U.S. profit margins across equity styles

Sources: Bloomberg and Wells Fargo Investment Institute. Analysis uses monthly data from January 1, 1990 to June 30, 2022. Cyclical sectors include Industrials, Financials, Energy, and Materials. Secular growth sectors include Information Technology and Consumer Discretionary. Defensive sectors include Health Care, Consumer Staples, and Utilities. Real Estate and Communication Services were not included due to short history or material membership change in recent years. High inflation periods are months: (1) between 1990 and 2020 (2) when year-over-year consumer price index change was above 3.5% and (3) that did not overlap with recessions.

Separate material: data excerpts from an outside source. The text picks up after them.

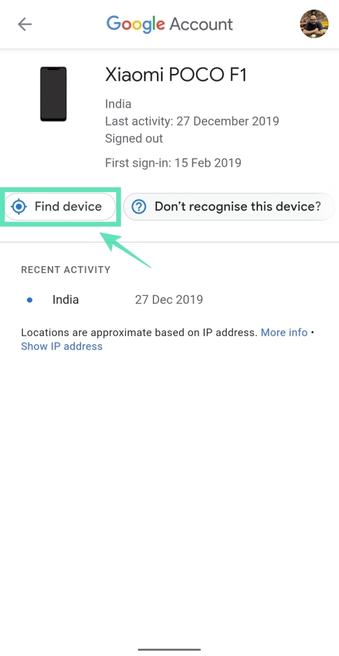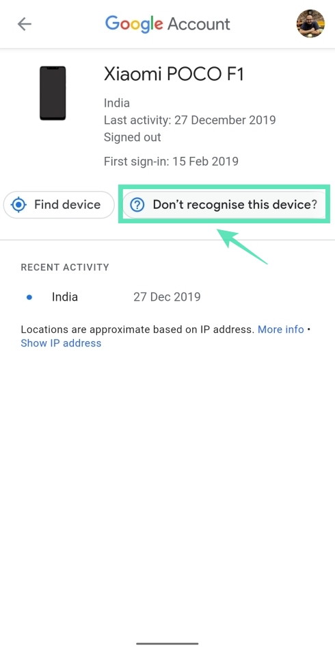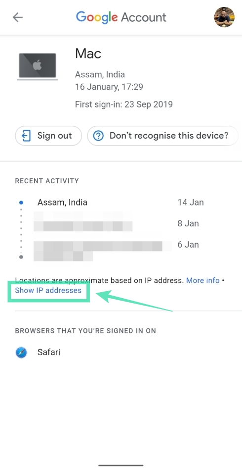 - View your device’s recent activity: You can see look at some of the past activities of a device including the IP address it accessed your account from. You can do so by tapping on More Details listed for a particular device. To view the device’s past IP addresses, tap on Show IP addresses.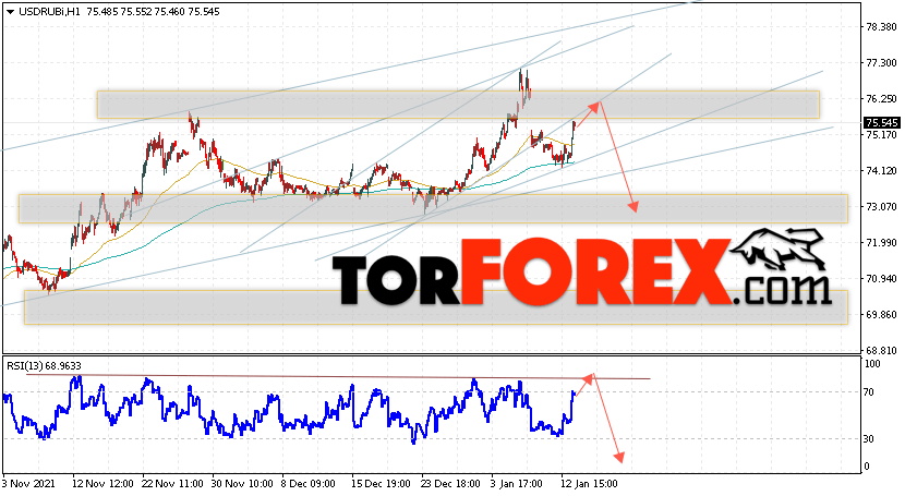 Дополнительным сигналом в пользу падения валютной пары USD/RUB 14 января 2022 выступит тест линии тренда на индикаторе относительной силы. Вторым сигналом станет отскок от нижней границы бычьего канала. Отменой варианта снижения пары USD/RUB на Форекс станет сильный рост котировок и пробой уровня 77.35 Рублей за Доллар. Это укажет на пробой области сопротивления и продолжение подъёма пары Доллар Рубль в область выше уровня 79.75. Подтверждением падению пары выступит пробой области поддержки и закрытие котировок актива под уровнем 74.05.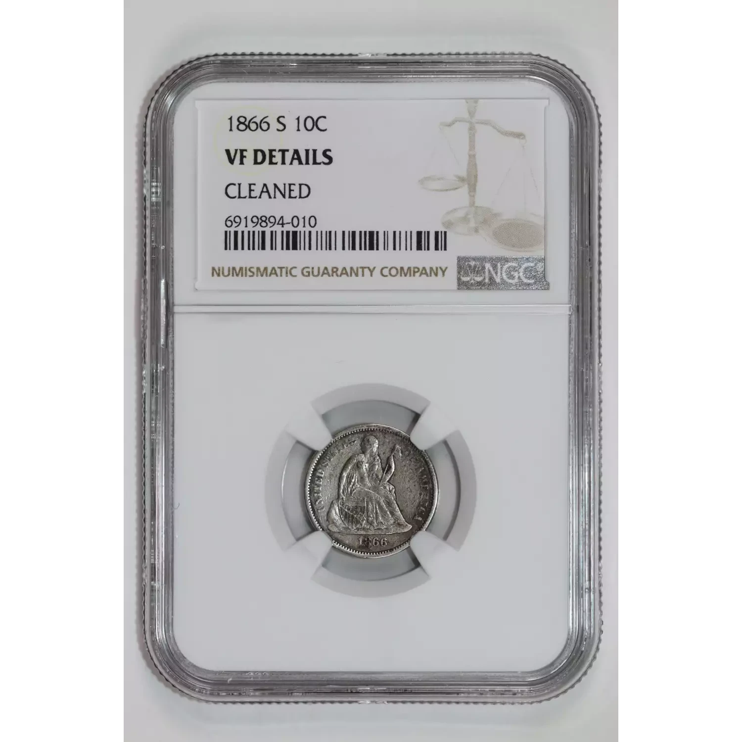 1866-S SEATED LIBERTY DIME NGC VF DETAILS
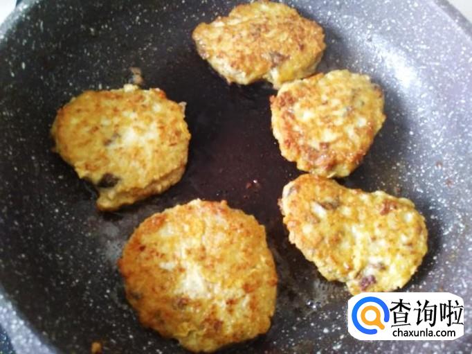 然后每隔一分钟翻转一次,连续翻转5次左右,把鱼饼煎得金黄色就可以了。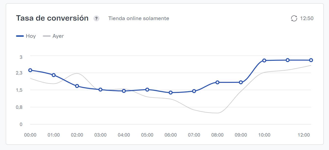 Este gráfico muestra la tasa de conversión de tu tienda en los períodos seleccionados que quieres comparar. La tasa de conversión se calcula dividiendo el número total de pedidos por el número total de sesiones en tu tienda. La línea azul más gruesa indica la tasa de conversión para el periodo más reciente. La línea gris más delgada indica la tasa para el periodo que estás comparando. Al pasar el mouse por encima del gráfico, se visualiza la tasa de conversión para cada periodo comparado. El gráfico también indica el porcentaje (%) y los puntos porcentuales (p.p) de aumento o reducción de esta métrica. Al pasar el mouse por encima del gráfico, puedes ver el valor de esa métrica en momentos específicos.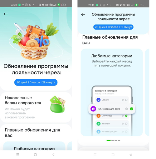 2. Каждый месяц с 25 числа нужно выбирать 5 категорий с кэшбэком до 15% на следующий месяц. Категории выбираются в разделе «Баллы» в мобильном приложении банка. Если категории не выбраны до начала месяца, их можно выбрать в течение месяца. Баллы начнут начисляться за покупки, сделанные со дня, следующего за днем выбора. Изменить категории после подтверждения выбора нельзя.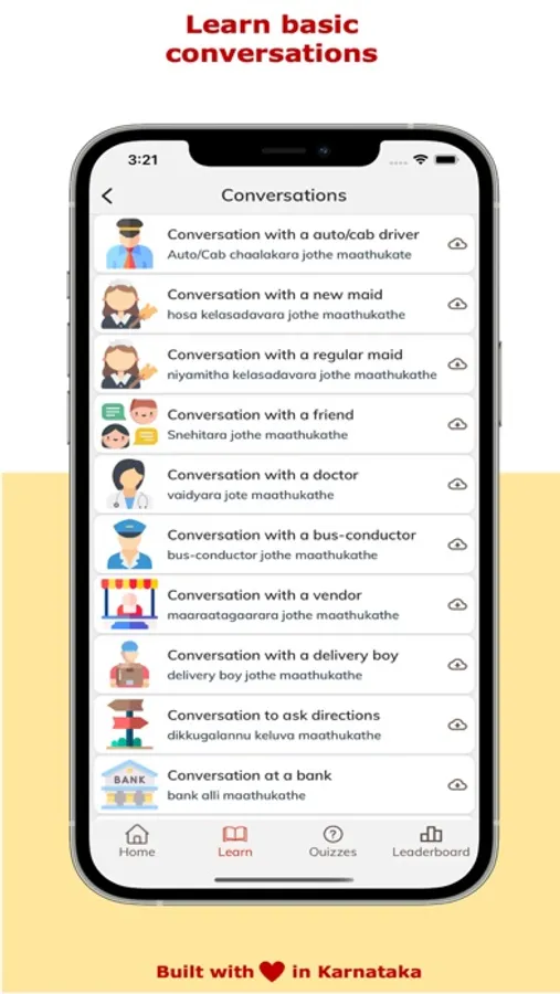 b. Conversations: It's important to learn Conversations to start conversing with people around you and hence there is this feature where you can learn basic real-time conversations like conversations with an auto-driver, conversations with a doctor etc.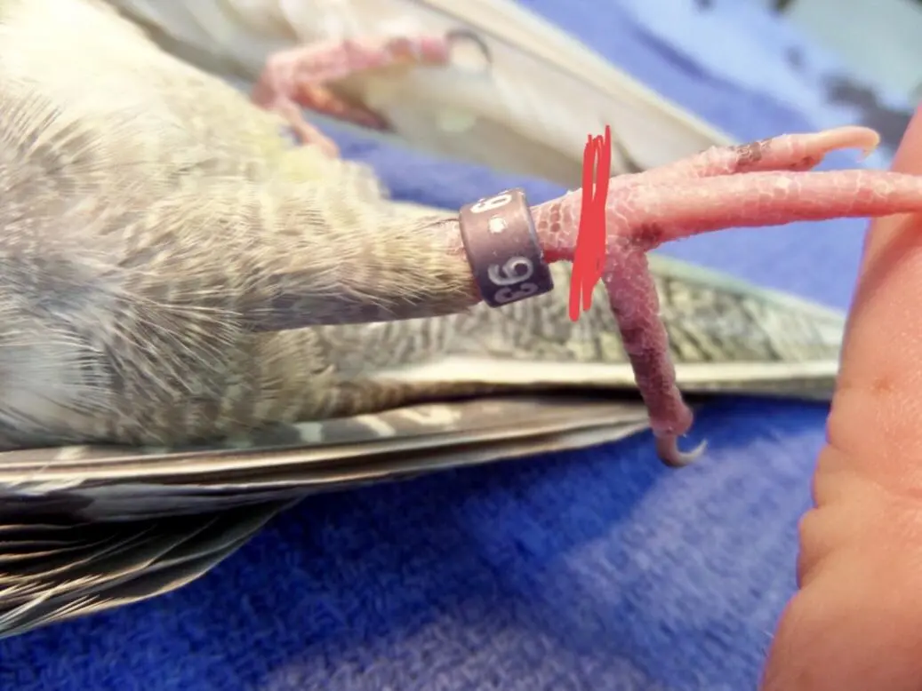 The red marking is broken. her leg moves but from the marking to feet and fingers does not move .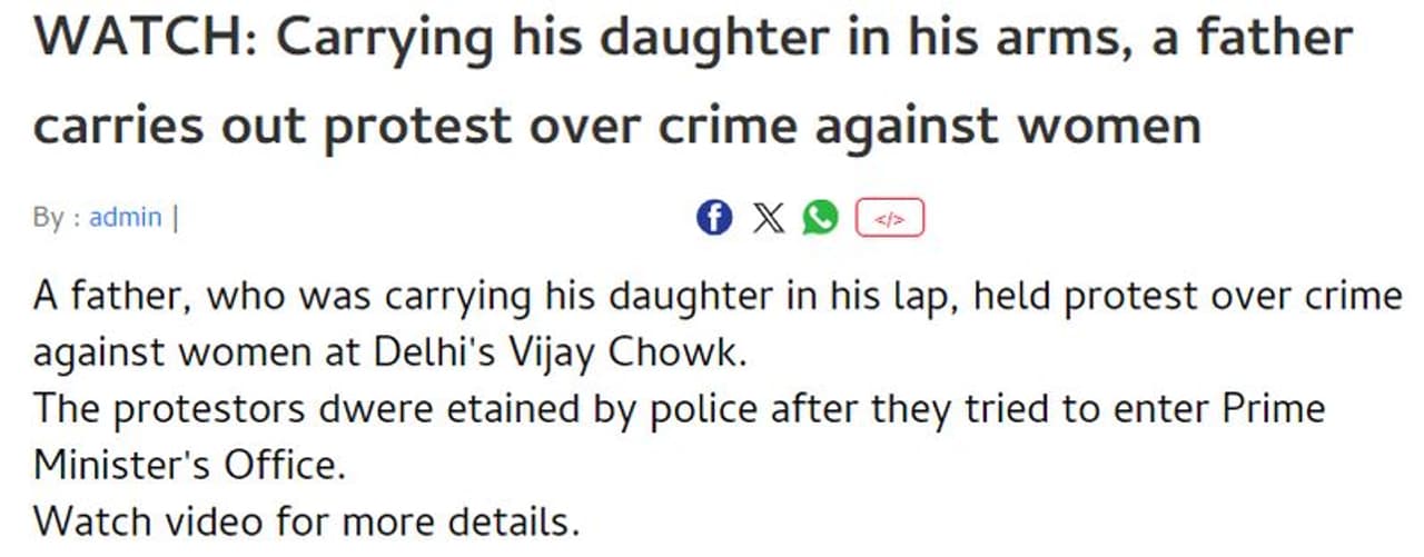 ദില്ലി: രാജ്യതലസ്ഥാനമായ ദില്ലി വലിയ പ്രതിഷേധങ്ങളുടെ വേദി കൂടിയാണ്. ദില്ലിയില് പാര്ലമെന്റ് പരിസരത്ത് പെണ്കുഞ്ഞിനെ കൈയിലേന്തി പിതാവ് അലറിവിളിച്ചുകൊണ്ട് പ്രതിഷേധിക്കുന്ന വീഡിയോ ഫേസ്ബുക്ക് ഉള്പ്പടെയുള്ള സാമൂഹ്യമാധ്യമങ്ങളില് ആളുകളെ കരയിക്കുകയാണ്. 'പീഡിപ്പിക്കപ്പെട്ട 5 വയസുകാരിയെയും കൊണ്ട് പാർലമെന്റിന് ചുറ്റും അലറി വിളിച്ചുകൊണ്ട് നടക്കേണ്ടി വരുന്ന ഒരു പിതാവിന്റെ അവസ്ഥയാണിത്' എന്ന കുറിപ്പോടെയാണ് വീഡിയോ ഷെയര് ചെയ്യപ്പെടുന്നത്. ഒറ്റത്തവണ പോലും കണ്ടുതീര്ക്കാന് പറ്റാത്തൊരു സങ്കടക്കാഴ്ചയായി ഈ ദൃശ്യങ്ങള് മാറുമ്പോള് കമന്റ് ബോക്സില് അവരോട് ചേര്ന്നുനില്ക്കുകയാണ് മനുഷ്യമനസുള്ള എല്ലാവരും. എന്നാല് പ്രചരിക്കപ്പെടുന്നതുപോലെയല്ല ഈ വീഡിയോയുടെ യാഥാര്ഥ്യം.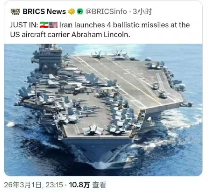 根据2026年3月2日凌晨(即事件发生后约1小时)的最新战地简报和五角大楼的初步声明,以下是关于亚伯拉罕·林肯号(USSAbraham Lincoln,CVN-72)遭到伊朗4枚弹道导弹袭击的实时核实情况: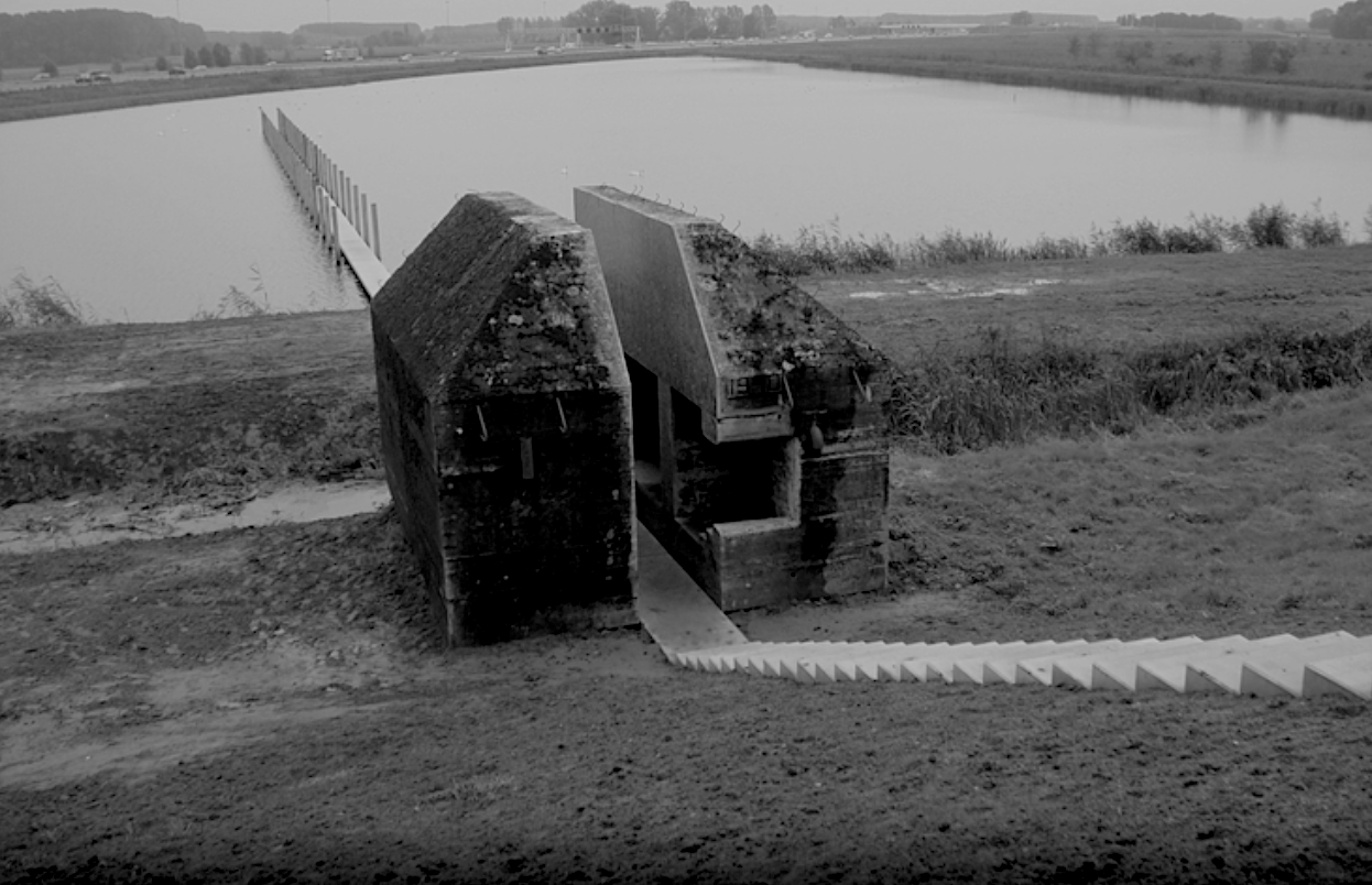 ‘Bunker 599’ by Dutch firms Atelier de Lyon and Rietveld Landscape is a project which lays bare two secrets of the New Dutch Waterline (NDW), a military line of defence in use from 1815 until 1940 protecting the cities of Muiden, Utrecht, Vreeswijk and Gorinchem by means of intentional flooding. A seemingly indestructible bunker with monumental status is sliced open. the design thereby opens up the minuscule interior of one of NDW’s 700 bunkers, the insides of which are normally cut off from view completely. In addition, a long wooden boardwalk cuts through the extremely heavy construction. it leads visitors to a flooded area and to the footpaths of the adjacent natural reserve. the pier and the piles supporting it remind them that the water surrounding them is not caused by the removal of sand, but rather is a shallow water plain characteristic of the inundations in times of war. The sliced up bunker forms a publicly accessible attraction for visitors of the NDW. it is moreover visible from the A2 highway and can thus also be seen by tens of thousand of passers-by each day. The project is part of the overall strategy of the designers to make this unique part of dutch history accessible and tangible for a wide variety of visitors.

High wage growth periods are months (1) between 1990 and 2020 (2) when the year-over-year wage increase was above 4% (3) that did not overlap with recessions. The S&P 500 Index is a market-capitalization-weighted index considered representative of the U.S. stock market. An index is unmanaged and not available for direct investment. Past performance is no guarantee of future results. Equity securities are subject to market risk which means their value may fluctuate in response to general economic and market conditions and the perception of individual issuers. Investments in equity securities are generally more volatile than other types of securities. See “Index Definitions and Asset Class Risk Disclosures” link above for equity sector risks.

Key Takeaways

  • Headwinds from higher input prices typically do not negate the tailwinds from economic growth as companies pass the higher costs to consumers.
  • Wage growth above 4% has been shown to reduce profit margins. However, as more people rejoin the workforce, we believe wage growth will normalize to a moderate pace.